“Finally, Sensei shouted, ‘Stop that stupid training!'”
When I trained in Iwama under Morihiro Saito Sensei many years ago, every so often he would say something like, “Sunao ni keiko shite kudasai” (Practice with an honest mind) to admonish students to practice sincerely and in a spirit of cooperation. An example would be when he saw a student resisting another’s attempt to perform a technique using his foreknowledge of the technique being practiced.
Let’s assume that we are practicing tai no henko. I know that nage will be pivoting to the outside while extending his arms in front of his center. Instead of merely grabbing his hand firmly, I lift it up forcibly to prevent him from turning and executing the technique. What I have done is simply to take advantage of the prearranged nature of practice to thwart nage’s attempt to perform the technique. I am not being “sunao” or honest in my training. Such an action on my part would be entirely self-defeating and a show of disrespect to the teacher. If I were to lift uke’s arm upward in tai no henko, he could simply continue the upward movement and swing his arm towards my face to throw me down.
The following was a true story that occurred at the Iwama Dojo many years ago. I was practicing with a strong partner. Every time, he would use his knowledge of the technique we were practicing to block my movement. This of course was a cause of frustration to me. To make a statement, I proceded to block his technique in the same manner, but only once to prove a point. He continued every time to stop me, and from then on, I just resigned myself to continue until the end of class vowing to never train with him again.

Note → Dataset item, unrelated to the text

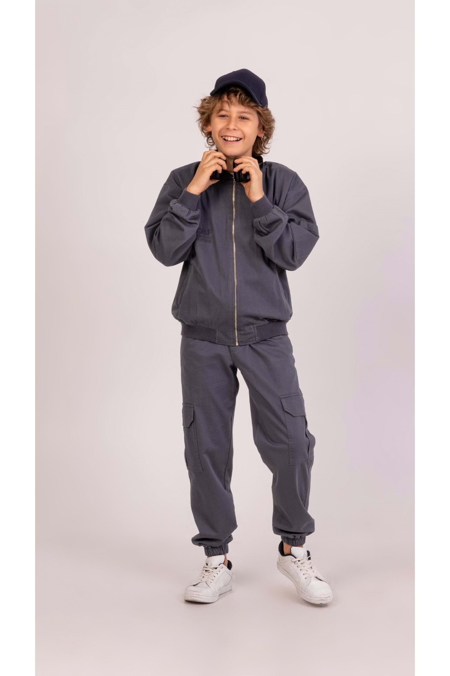 Sırt nakışlı ceket ve kargo cepli pantolon kombinasyonu, erkek çocuklarının gardırobunda hem şıklığı hem de rahatlığı bir arada sunan modern bir seçenektir. Bu takım, çocuğunuzun enerjisini ve kişiliğini yansıtırken aynı zamanda günlük hayatta ve özel günlerde rahatlıkla kullanılabilir.

I knew that Saito Sensei was watching us as we continued in this manner, and I saw him becoming upset out of the corner of my eye. Finally, Sensei shouted, “Dame! So iu kudaranai keiko yamero!” (Stop that stupid training!). We all sat down while Sensei exploded at my partner. He explained that anyone can block a person’s technique if they know in advance what they intend to do. That this kind of training totally defeats the purpose of practice and that one cannot progress by training this way. Sensei then proceded to ban my partner from practice at the dojo. The man was totally humiliated and immediately left the dojo with his head hanging down.

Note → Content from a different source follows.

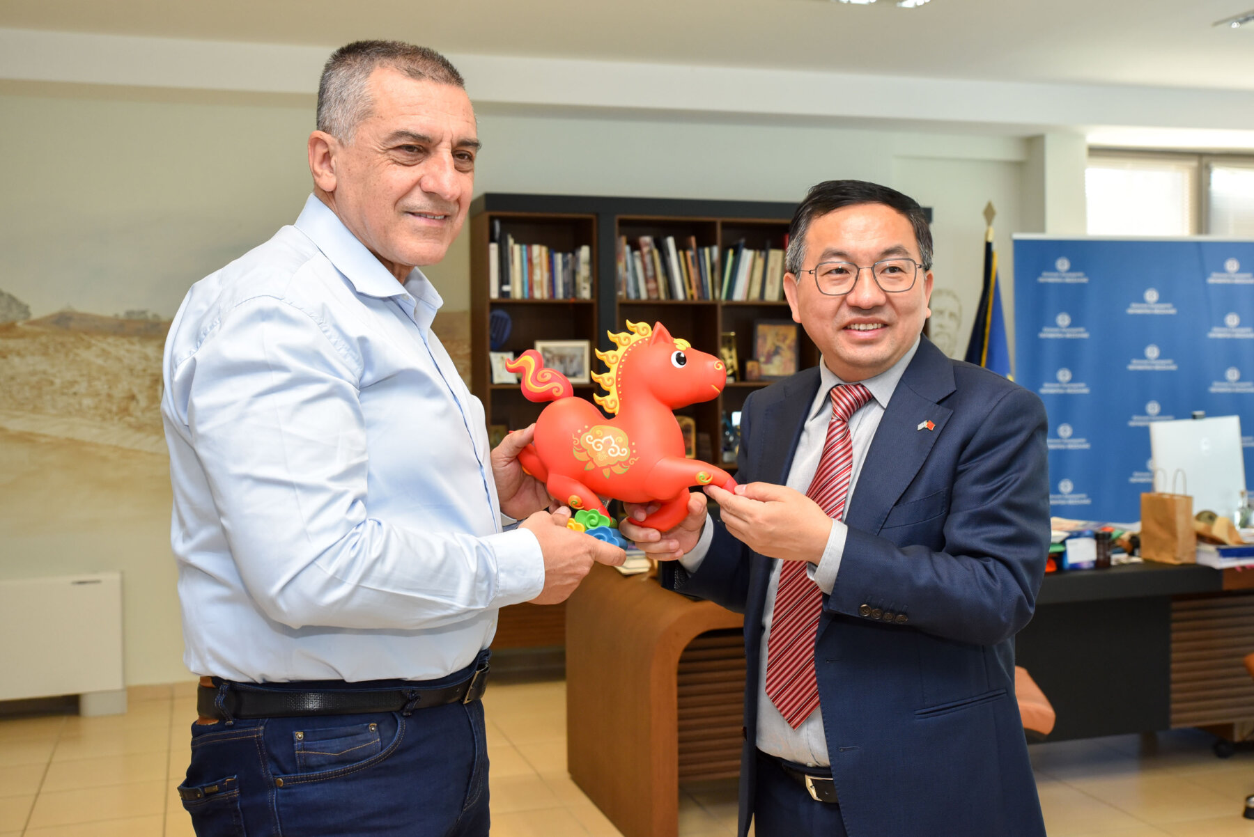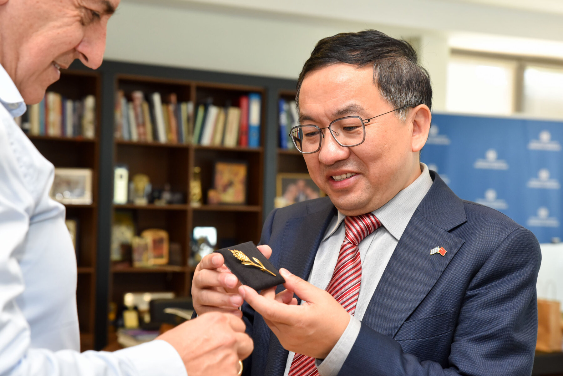 Η συνάντηση ολοκληρώθηκε με την ανταλλαγή δώρων. Συγκεκριμένα, ο κ. Κουρέτας χάρισε στον πρέσβη της Κίνας μια καρφίτσα σε σχήμα στάχυ που αποτελεί το σύμβολο της Θεσσαλίας και εκείνος με τη σειρά του ανταπέδωσε ένα άλογο, καθώς φέτος στην Κίνα είναι η χρονιά του αλόγου, και ένα κινέζικο ημερολόγιο.

Sensei eventually let the man back after about a month. From that point on, he trained in a respectful way and became an exemplary student. I trained with him several times after that and it was an enjoyable experience. He later established his own dojo and is still active.
Let me give one more example drawn from aikido history. This one is a humorous story that shows another instance of someone not being “sunao.” It has to do with the famous Professor Kenzo Futaki who was a devoted student of Morihei Ueshiba during the Kobukan Dojo period in the 1930s. Futaki Sensei was known affectionately as “Dr. Brown Rice” for his strict macrobiotic diet.
One day Professor Futaki said to Ueshiba Sensei, “Sensei, I am going to attack you with a bokken. Can you escape from my attack?” Sensei answered smilingly, “Anytime.” When the professor used to attack Sensei from the front during demonstrations, Sensei always evaded to the left. So this time, he anticipated and decided to make an attack to the direction in which Sensei always evaded. As a result, Professor Futaki’s attack missed Sensei again, because Sensei did not move. The professor of course admitted his defeat.
When Professor Futaki asked Sensei how he could tell the direction of his attack, he responded, “Your mind had already flown to the right. Your empty-spirited body made that attack ever so slowly!”
In this case too, the befuddled professor believed he could outwit Ueshiba Sensei because he thought the latter would move in a predictable way. However, the Founder was extremely astute and immediately sensed the ruse. Dr. Futaki was not being “sunao” when he attacked with his bokken.
I will finish up with one other example of how the lack of an honest spirit in training led to the end of two promising aikido careers. On my first trip to Japan, there were two foreign men that often trained and hung out together. They were both ranked about 2nd dan at the time. They could often be seen practicing together after class and really mixing it up.
Years later, I happened to ask a mutual friend what happened to these two men as I had not seen or heard about them for a long time. He said that both had stopped aikido altogether because of their frustration at not being able to make techniques work on each other. They did not practice aikido with an honest mind. To my way of thinking, they had totally misunderstood the importance of honest practice as the correct way to develop good aikido skills.
I think it is important for teachers to grasp this often misunderstood point and regularly explain to students why their future progress hinges upon adopting an open, honest mind in training, what the Japanese call “sunao na kokoro.”